Die Gaspreise schnellen wegen des Iran-Kriegs in die Höhe. Seit Beginn der Luftschläge hat sich der Börsenpreis für Gas zeitweise verdoppelt. Verbraucher müssen sich auf höhere Gaspreise einstellen, doch die Krise bietet gerade jetzt für viele Kunden auch Chancen.
Starker Preissprung für Erdgas
Der Krieg im Iran treibt die Energiepreise nach oben. An der Energiebörse in Amsterdam wurden für eine Megawattstunde europäisches Erdgas zeitweise knapp 66 Euro bezahlt. So teuer war Gas seit rund drei Jahren nicht mehr. Inzwischen hat sich der Preis wieder etwas beruhigt und liegt bei rund 50 Euro pro Megawattstunde – dennoch mehr als 50 Prozent über dem Niveau vor Kriegsbeginn.
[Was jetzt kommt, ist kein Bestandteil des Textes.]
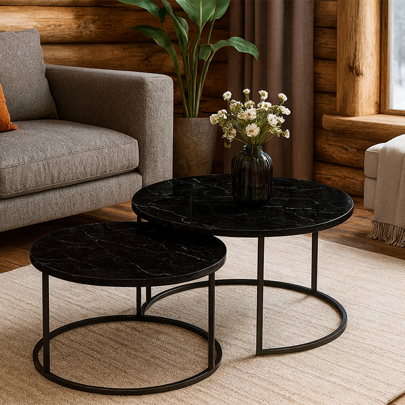 Αναβαθμίστε το σαλόνι σας με το πρακτικό και μοντέρνο σετ δύο ένθετων τραπεζιών σαλονιού Solme. Σχεδιασμένα για να φωλιάζουν το ένα κάτω από το άλλο, προσφέρουν ευελιξία, εξοικονόμηση χώρου και μια σύγχρονη αισθητική που συνδυάζει τη κομψότητα του μαρμάρου με τη δυναμική γραμμή του μαύρου μετάλλου.
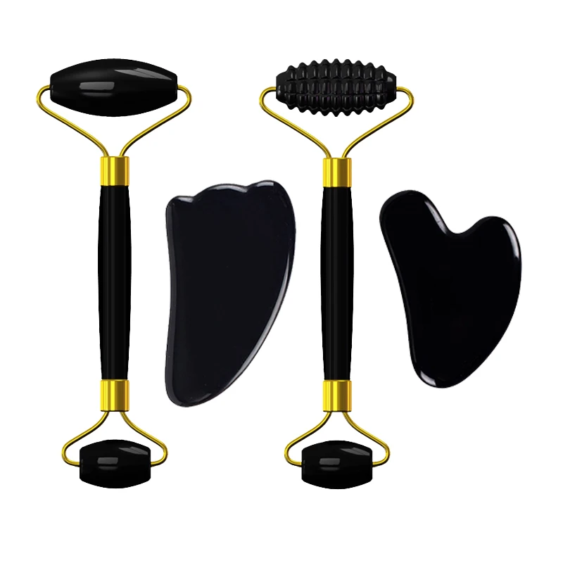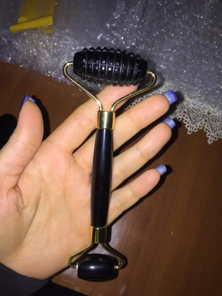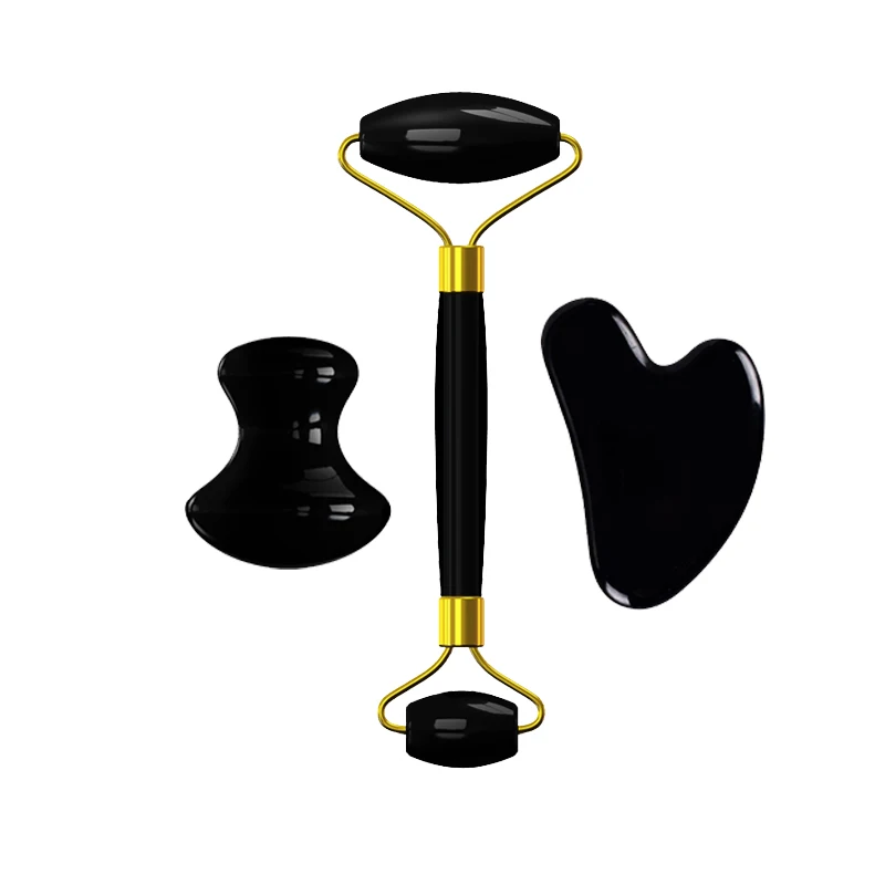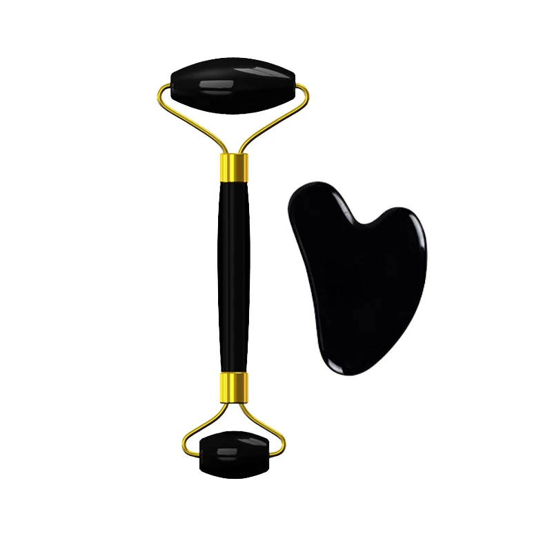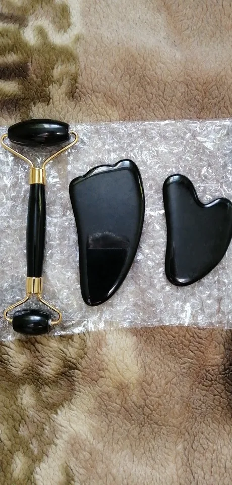 Нефритовый ролик из натурального черного обсидиана, роликовый массажер для лица Нефритовый камень, гуаша скребок для доски, скребок для подтяжки лица

Wie stark sich dieser Preissprung die Rechnungen von Gaskunden auswirkt, ist noch ungewiss. Deshalb ist es umso wichtiger, Risiken zu begrenzen und für viele Haushalte lohnt es sich gerade jetzt, den Anbieter zu wechseln.

Noch bieten Versorger günstige Tarife
Denn noch wirken sich die höheren Börsenkurse für Gas nicht auf die Verträge in der Branche aus. Es sind weiterhin günstige Gasangebote unverändert verfügbar, das gilt auch für Stromtarife. Energieversorger geben steigende Kosten in der Regel erst verzögert weiter.
Genau darin liegt derzeit die Chance für Verbraucher. Wer jetzt einen neuen Vertrag abschließt, kann sich häufig noch günstige Konditionen sichern. Besonders für Haushalte, deren Preisgarantie bald endet oder bereits ausgelaufen ist, kann sich ein schneller Wechsel lohnen, rät „Finanztip“.
Und wer den Wechsel nutzt, kann kräftig sparen: Neukunden zahlen für Gas derzeit um die 8,4 Cent pro Kilowattstunde, teilweise sogar nur etwa 7,7 Cent. Bestandskunden zahlen oft mehr, da liegt der Gaspreis bei 9,94 Cent pro Kilowattstunde bis 11,65 Cent/kWh. Die Grundversorgung dagegen kostet 13,54 Cent.
Mit einer Preisgarantie von ein bis zwei Jahren im neuen Vertrag bleiben Kunden dann von weiteren Preiserhöhungen verschont, auch wenn sich die Marktlage weiter verschärft.